The documentary explores the tumultuous, creative process involved in drawing, especially when it takes the form of daily deadlines. Even before reaching that stage, getting syndicated is terrifyingly difficult process wherein a handful of cartoons are selected (Usually 2 selected out of 5000 submissions a year) and sold to most newspapers through the syndicate. Punishing as the process may be, many cartoonists felt that it still meant that they were only expected to the one task they feel passionate about – draw. As the cartoonist Greg Evans commented, “We’re basically artists, and not entrepreneurs in that sense…”. However, with more than 2000 newspapers having to close down in the past 15 years (in US alone), it would seem that the rules of the game have changed considerably. Some cartoonists are geared up and even favour the transition, feeling that the new platform of web-comics is more egalitarian (anyone can publish!) and make it big, if they succeed. The ‘if’ part is easier said than done though. Apart from drawing, artists then need to have considerable business acumen to cater to public interests, popularise their work on various platforms, and create merchandise (almost 60-70% of their revenue comes from here) to make a living. Bill Watterson fought hard to keep Calvin and Hobbes from being merchandised. Nowadays, it seems to become an integral part of bread and butter. Not everyone sees it as selling their soul to the Devil though. However, this way of cartooning also makes it hard to create independent work. Audiences are now consumers, and an artist’s independent sensibilities or interests may not find a place among popular ‘likes’ of the day. With an exponential increase in content on the internet (anyone and anything can be published, remember?), it becomes nearly impossible to sift through things, visibility itself being at the mercy of whimsical moods of the netizens. There are chances of overnight fame, as there are of unpredictable disinterest when the crowd moves on.

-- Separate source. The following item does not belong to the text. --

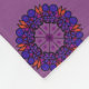 Diseño geométrico en tonos violetas y rojos con elementos de vidrio manchado.
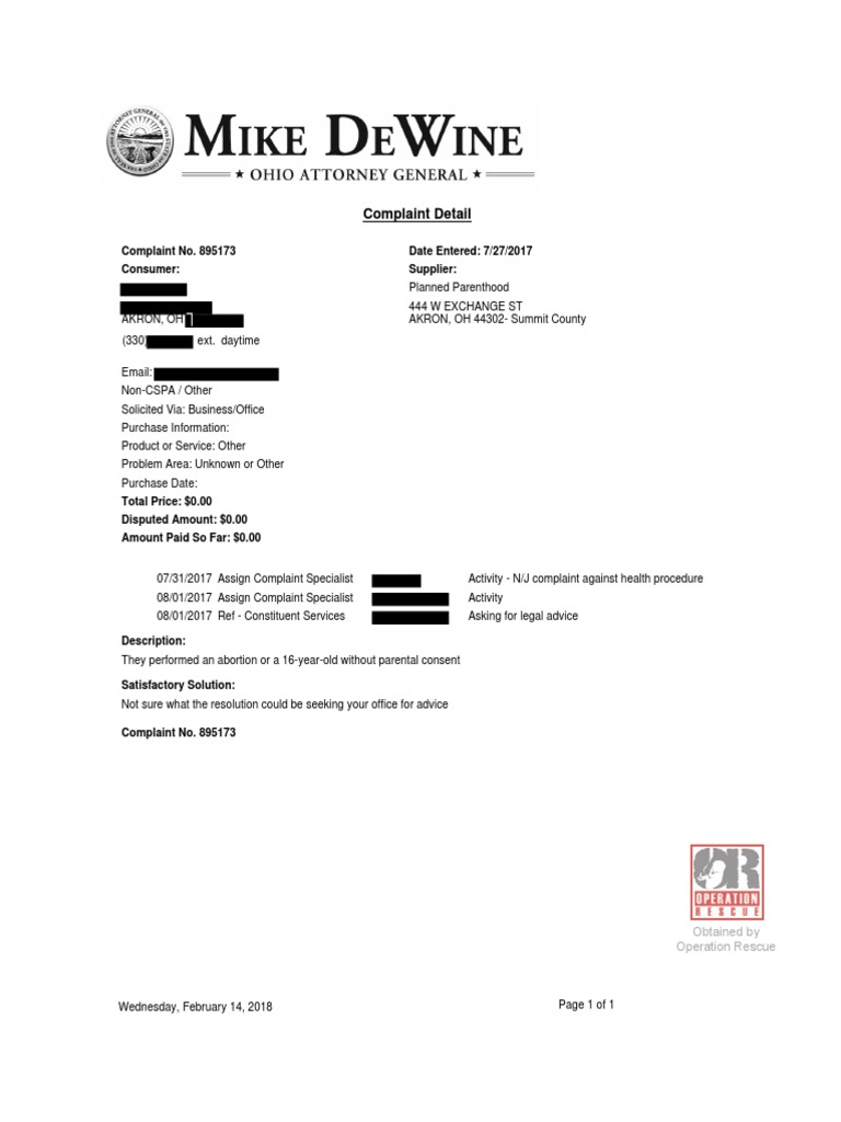 7/27/2017 complaint to the Ohio Attorney General's office regarding Planned Parenthood violating parental consent laws in Ohio.

Creativity can’t die, but what would the resurrection look like?

Moving into new media is not just transfer of images from print onto the screen. It also changes our perceptions and understanding of the phenomena in fundamental ways. In his book outlining the major shifts in culture and cognition due to the transition from an Oral to a Literary civilisation, Walter J Ong wrote, “Without writing, the literate mind would not and could not think as it does, not only when engaged in writing but normally even when it is composing its thoughts in oral form. More than any other single invention, writing has transformed human consciousness.” What shift in thinking structures will ‘swipeable comics’ bring? Does it call for a more immersive experience as artists are freed from the physical boundaries of the paper, and viewers can interact with comics in newer ways? Will writing itself become more visual in nature as various kinds of graphics become available? These are new frontiers for artists and viewers alike. The good thing is, cartoonists are compulsively creative and constantly reinventing themselves in all kinds of ways. Our shared love for storytelling is a big part of what makes us human, and images just make it more fun. So comics are here to stay, metamorphosing through new media and enriching our lives in imaginative ways. It’s not a replacement narrative either, print versions will be around as long as people love the tactile feel of the pages ( I like to sniff them too). Armed with brushes, pens, paper and Adobe Illustrator, cartoonists feel optimistic about the adventures lying ahead. I, for one, support their cause wholeheartedly.